Lower compliance costs
New Zealand has an excellent reputation for meeting the requirements of importing countries, but this has often come at a big cost. Stringent inspection requirements for meat products imposed in the past by the EU and United States are prime examples.
Complying with unnecessarily rigid SPS requirements can marginalise an otherwise viable export operation. As unjustified requirements are stripped away, these costs will be reduced.

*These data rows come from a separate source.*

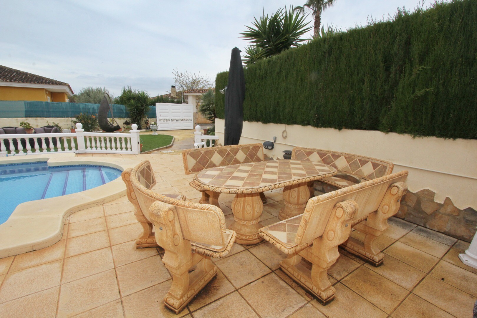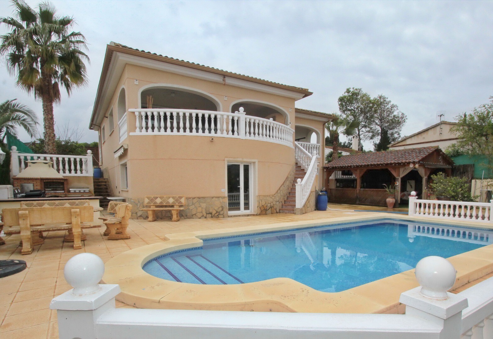Belägen på en stor tomt med fruktträd, flera chill-out-områden och b...åde garage och carport, är fastigheten redo att flyttas in och njutas omedelbart.
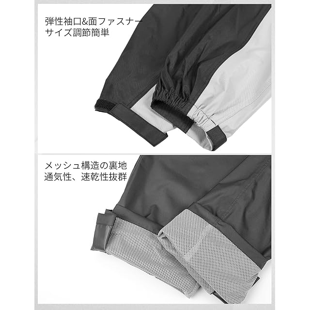 【究極の防水性】 防水性:IPX6級、耐水圧:10000mmH2O(一般的なナイロン傘の40倍)。猛烈な雨に(1時間雨量80mm以上)安全に走行できます。長時間の大雨などにさらされても水が染み込まないメンズ レインコートです。耐摩耗性PVC複合材質と多重密封設計により、最高の防水性と快適さを確保いたします。また、 レインウェアの細部に防水ファスナーと調節可能な袖口を備え、防水性能を向上させています。
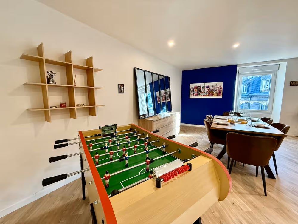 This recently renovated apartment perfectly combines old-world elegance with modern comfort. Ideally located on the third floor of a quiet and secure building, our bright and spacious apartment invites you to relax. Whether you're traveling with friends, family, or on business, Le Cœur de Ville is the perfect location in the heart of Saint-Brieuc. The apartment features two bedrooms, each with 140 and 160 cm beds, offering all the amenities you need for a pleasant stay. The Accommodation This spacious two-bedroom apartment, ideally located in a quiet neighborhood, is fully equipped to ensure your optimal comfort: Wi-Fi, TV, washer-dryer, dishwasher, oven, hotplates, refrigerator, microwave, coffee maker, kettle, and all the kitchen utensils you'll need. We also provide linens and some supplies for your arrival. A spacious, bright, and beautifully decorated setting, with all the character of a historic site, awaits you for an unforgettable stay.
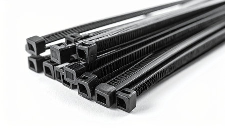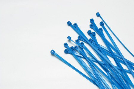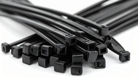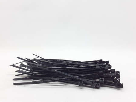 multiple black colored zip ties on white isolation background
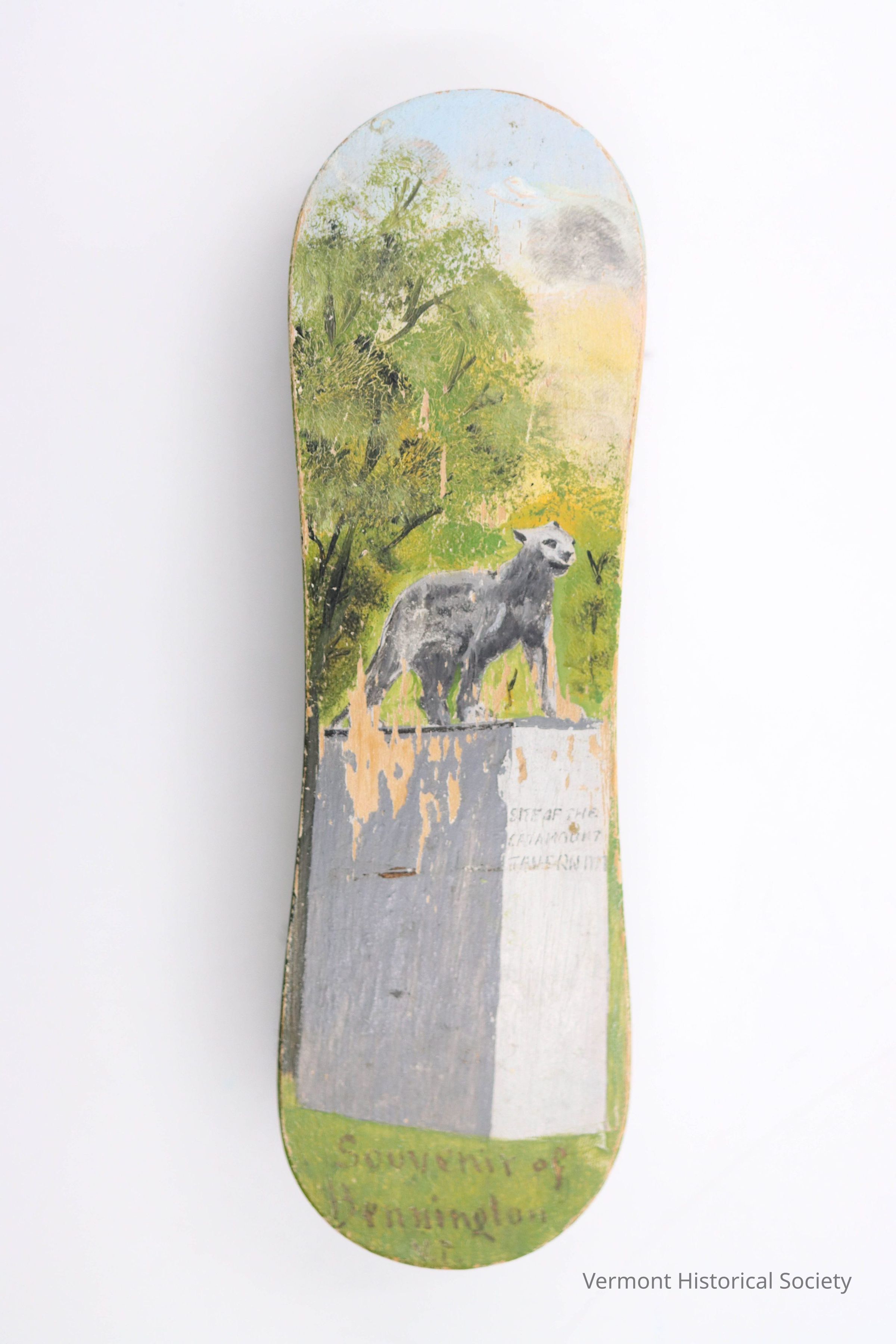 Shoe polishing brush with a painted handle. The brush has horsehair bristles stemming from the entirety of one side of the handle. The other side of the handle is painted with the image of a monument of a mountain lion (the catamount monument in Bennington, Vermont) set in an exterior scene. The bottom is labeled, "Souvenir of Bennington".
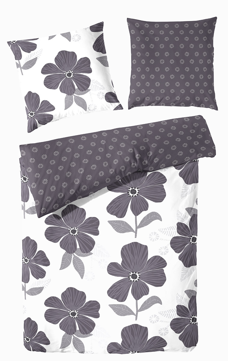 - Moderne Renforcé Wendebettwäsche mit großflächigen Blüten auf weißem Grund auf der Vorderseite und kleinen Blüten auf dunklem Grund auf der Rückseite
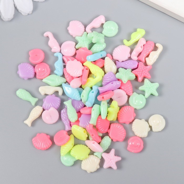 Бусины д/творчества пластик «Морские. Пастельные тона», н-р 78шт, 15гр, 1*1см
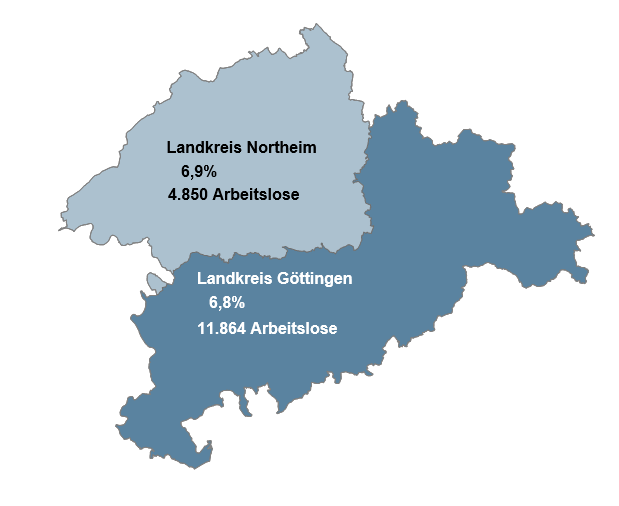 Die Arbeitslosigkeit ist im Landkreis Göttingen im August 2025 gestiegen. 11.864 Menschen waren arbeitslos gemeldet, 319 Personen mehr (2,8 Prozent) als im Juli, aber 266 bzw. 2,2 Prozent weniger als vor einem Jahr. Die Arbeitslosenquote beträgt 6,8 Prozent und liegt 0,2 Prozentpunkte über dem Vormonatsniveau. Vor einem Jahr lag sie bei 7 Prozent. Im Rechtskreis SGB III (Agentur für Arbeit) lag die Arbeitslosigkeit bei 3.805 Personen (4 Personen weniger als im Vormonat, aber 433 mehr als vor einem Jahr). Im Rechtskreis SGB II (Jobcenter) waren 8.059 Arbeitslose registriert (323 Personen mehr als im Vormonat, aber 699 weniger als vor Jahresfrist). Durch die Träger der Grundsicherung (Jobcenter) wurden 68 Prozent aller Arbeitslosen betreut.

Standards will be increasingly brought into line with international ones, making costly special production runs for individual markets less necessary.
New markets
The SPS agreement will open up markets previously closed to New Zealand exporters, as governments bring their trade practices into line with the rules of the SPS agreement.
Certainty
The SPS agreement provides export industries with the confidence to plan ahead. New measures are signalled in advance, and their reasons explained. WTO members are no longer justified in imposing arbitrary and unexpected import restrictions with the potential to cripple an export industry.
The pace of change
The SPS agreement is part of an interlocking "package" of reforms which includes the gradual stripping away of export subsidies and domestic price support policies by WTO members - something New Zealanders had largely done by the late 1980s.
Even when the ink was still drying on the Gatt Uruguay round negotiations, it was expected that the full benefit of the trade reforms would take up to a decade to flow through to the New Zealand farm gate.
For New Zealand farmers and growers, opening up international market access cannot come soon enough. The slow pace of change is frustrating, but not unexpected.
In some economies, overnight exposure to the full blast of international competition could have devastating social and economic consequences for domestic producers.
Within the World Trade Organization, the more developed nations are helping emerging nations comply with the requirements of multilateral agreements like the SPS agreement.
Despite the apparent slowness, regulatory agencies around the world are beginning to move into line with the SPS agreement. International agreements giving trading partners improved market access are becoming increasingly common.